_Activity_
Starting at the line that contains "Die Welt-Rebsorte Merlot" and stopping after the line that contains "田子中学校での習字体験", transcribe the listing below exactly; do not include any pictures.

_The input_
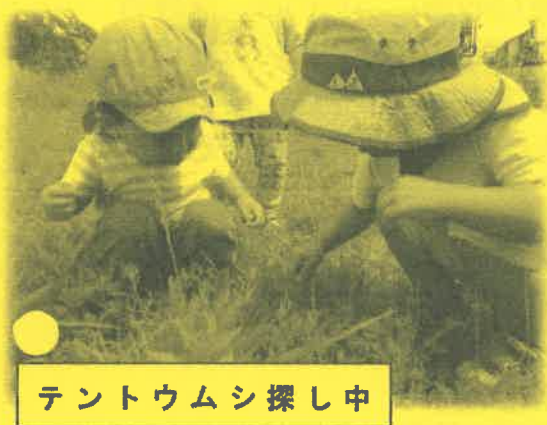
テントウムシ探し中

4月は園周辺のお散歩が多く、特に川沿い（芝生公園）へ遊びに行くことが多かったおひさま組さん。川沿いにはタンポポや綿毛、チョウチョウ、テントウムシ、サクランボなど春の自然がたくさん！！子ども達も散歩に出掛けると分かって「テンテンちゃん探しにいこう」「タンポポあるかな？」という声も。いざ川沿いへ行くと「あっテンテンちゃんいた」「えっどこどこ？」と虫探しがスタート！夢中になってあっちこっちと探し回る子ども達です。最近ではどの辺りにいるかも分かってきて「このへんにいるんじゃない？」「まえここにいたで」と教えてくれる子も！また「タンポポいっぱいだな」とタンポポを摘んだり、綿毛をフーと飛ばしてみたりと散歩を通して春の自然を発見したり触れたりととっても仲良しになりました。
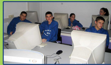
קורס "חקר מדעי" בטכניון

"אורטכניון"-תגבור לימודי במתמטיקה באנגלית * התמודדות עם לחץ לימודי, תכנון זמן, אורור רגשות-בהנחיית יועצת השכבה. * קורס "חקר מדעי"-הכנה לקורס האקדמי הראשון "מבוא לביולוגיה".
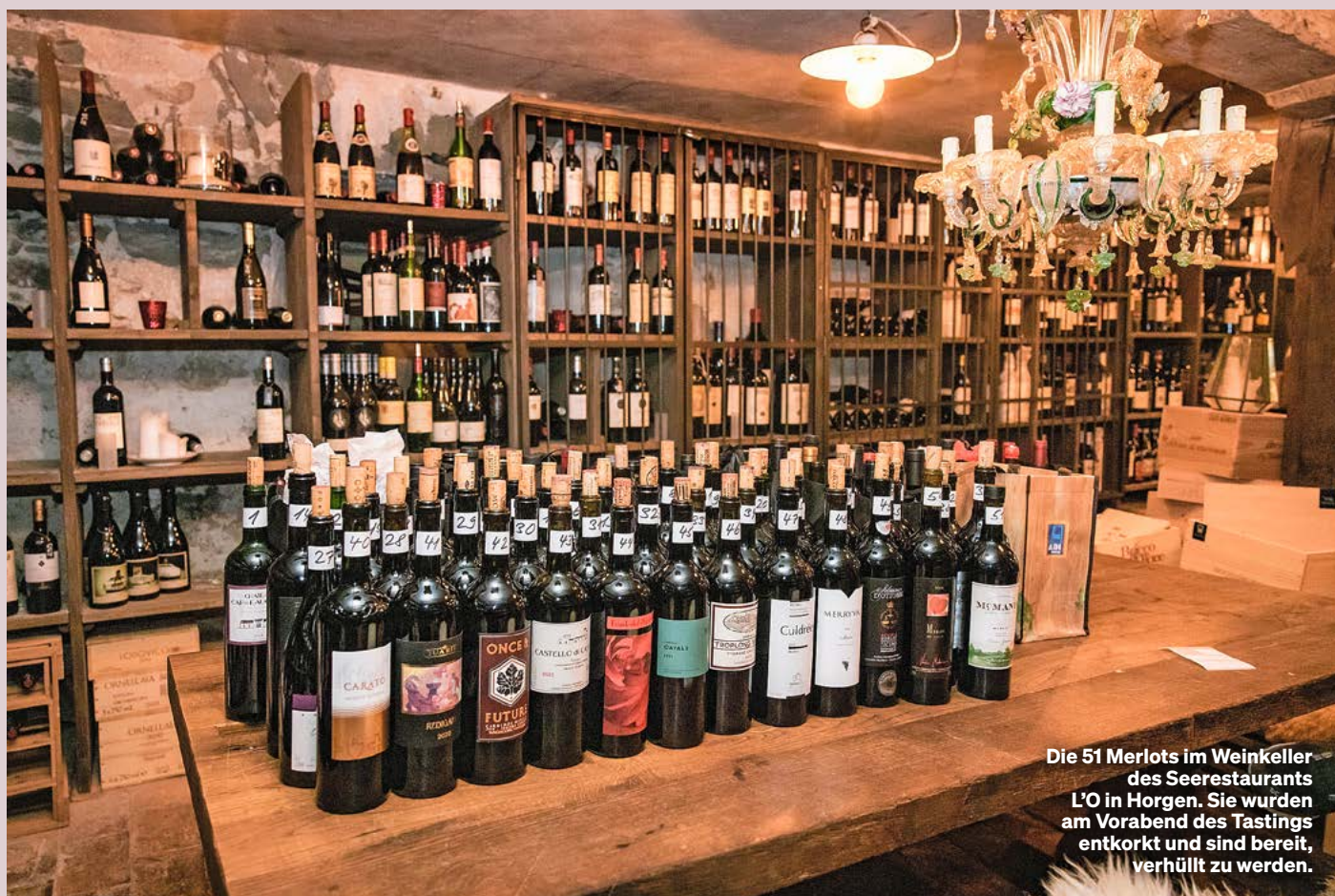
Die 51 Merlots im Weinkeller des Seerestaurants L'O in Horgen. Sie wurden am Vorabend des Tastings entkorkt und sind bereit, verhüllt zu werden.

Die Welt-Rebsorte Merlot ist dank des Tessins Schweizer Kulturgut. Doch sind helvetische Merlots auch Weltklasse? Die Antwort ist klar: Ja! Der Preis-Leistungs-Sieger aber kommt aus Bordeaux.
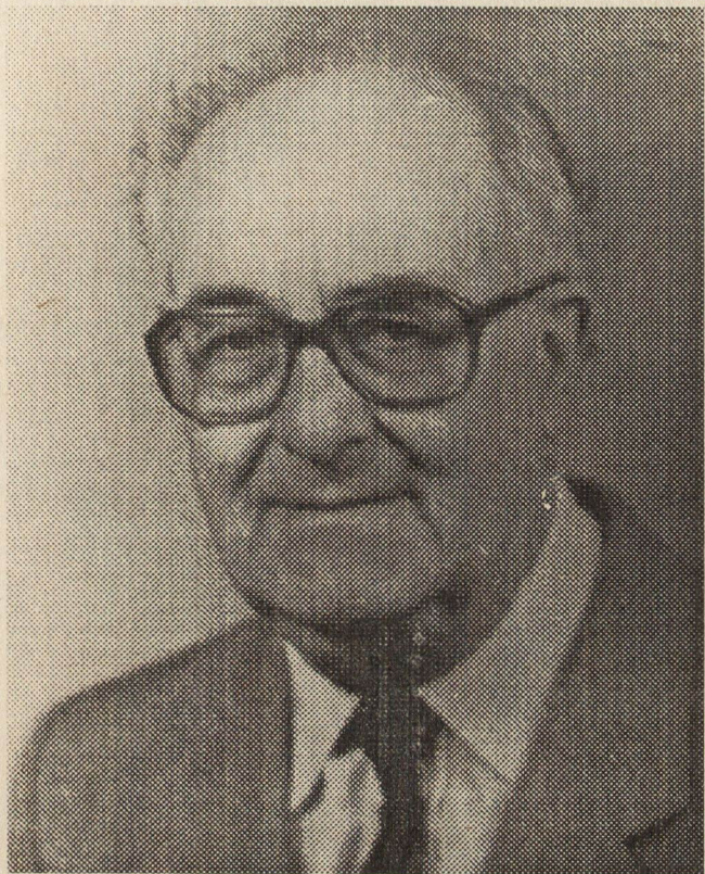
Акад. Димитър Ангелов
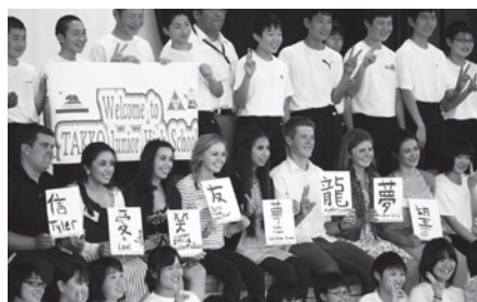
田子中学校での習字体験

8名、引率2名の研修団が来町しました。これは、ギルロイ市の非営利団体「ギルロイー田子短期留学プログラム（G T S E P）」による、青少年の国際教育を目的とした海外派遣事業で、今回で4回目の来町となります。

_Exercise response_
Die Welt-Rebsorte Merlot ist dank des Tessins Schweizer Kulturgut. Doch sind helvetische Merlots auch Weltklasse? Die Antwort ist klar: Ja! Der Preis-Leistungs-Sieger aber kommt aus Bordeaux.
Акад. Димитър Ангелов
田子中学校での習字体験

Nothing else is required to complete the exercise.